How to visualise Decision Tree Model – Multiclass Classification in Python
A Decision Tree is a popular machine learning model that is used for both classification and regression tasks. It works by breaking down a dataset into smaller and smaller subsets, while at the same time an associated decision tree is incrementally developed. One of the key advantages of Decision Trees is that they are easy to understand and interpret, even for people without a technical background.
When building a decision tree for multiclass classification, the tree will have multiple branches that lead to the different classes. The tree starts with a root node, and at each internal node, it makes a decision based on the input features and splits the data into subsets. Each leaf node in the tree represents a class label.
Visualizing a Decision Tree can be a powerful way to understand how the model is making its predictions. In Python, the popular library scikit-learn provides a visualization function for Decision Trees called “plot_tree”. This function can be used to create a graphical representation of a decision tree which can be visualized in the form of pdf, png or jpeg.
The plot_tree function has several parameters that can be used to control the appearance of the tree. For example, you can specify the maximum depth of the tree to be plotted, the font size of the labels, and the colors of the nodes.
Another popular library in python for visualizing decision trees is Graphviz.
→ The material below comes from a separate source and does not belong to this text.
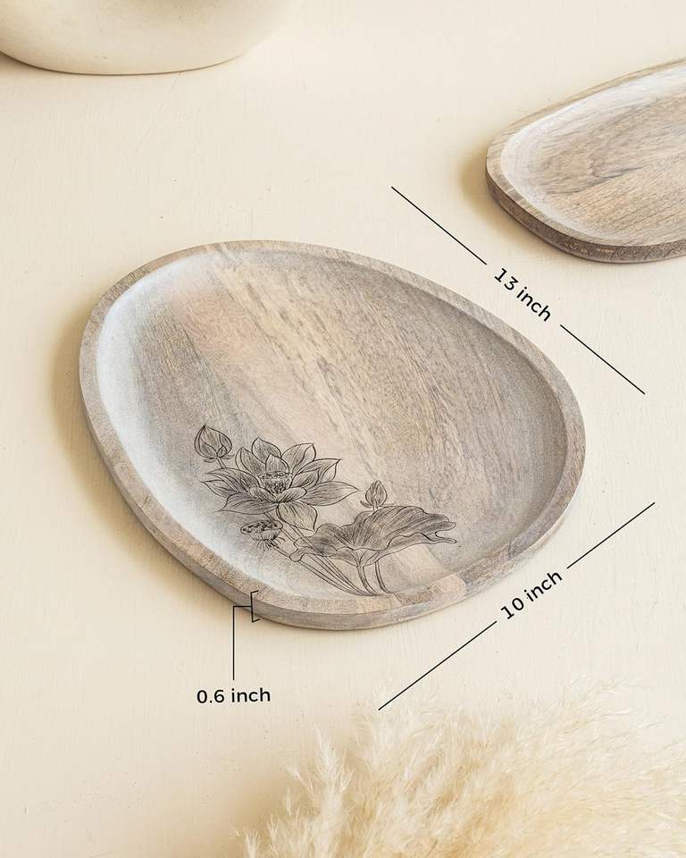 แผ่นเสียงรูปไข่ที่ทำจากไม้มะม่วงนี้เหมาะสำหรับการเสิร์ฟของว่างหรือของหวาน

This library can be used to visualize decision tree models in a more flexible way than the plot_tree function of scikit-learn. It provides a lot of options to customize the appearance and formatting of the tree, and can export the tree in a variety of formats such as PNG, PDF and SVG.
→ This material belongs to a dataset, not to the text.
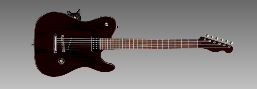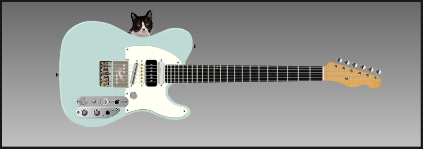 this one is my J.J Cale-style Frankentele. the toggles on the upper bout switch the 2 and 4 PUs (the lipstick and the P90) on/off, so in conjunction with the 5-way pickup switch all combinations of two PUs and most if not all 3 PU combinations are available. the knob and mini-toggle control the bridge Wide-Range humbucker; the toggle switches single-coil/parallel/series. the pot with the Fender amp knob controls the volume of the neck PU; the regular Tele tone knob controls the volume of pickups 2 and 3. the regular Tele volume knob gets a stacked pot and acts as a master volume/tone control. the cat keeps me company.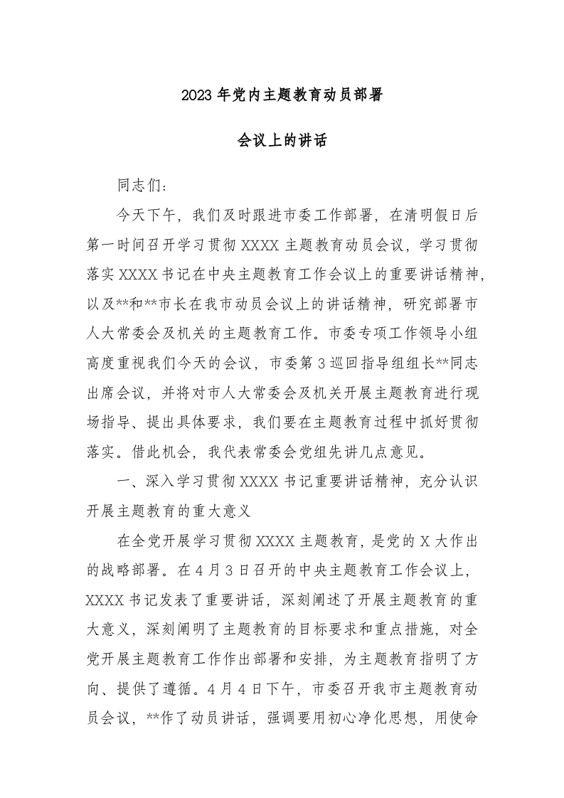 / 2023年主题教育动员部署会议上的讲话

In conclusion, visualizing a Decision Tree model can be a great way to understand how the model is working and making its predictions. Python provides several libraries such as scikit-learn and Graphviz, which make it easy to create beautiful and informative visualizations of Decision Trees. These tools can be especially useful when working with multiclass classification problems, as they make it easy to see how the tree is splitting the data into different classes.
In this Machine Learning Recipe, you will learn: How to visualise Decision Tree Model – Multiclass Classification in Python.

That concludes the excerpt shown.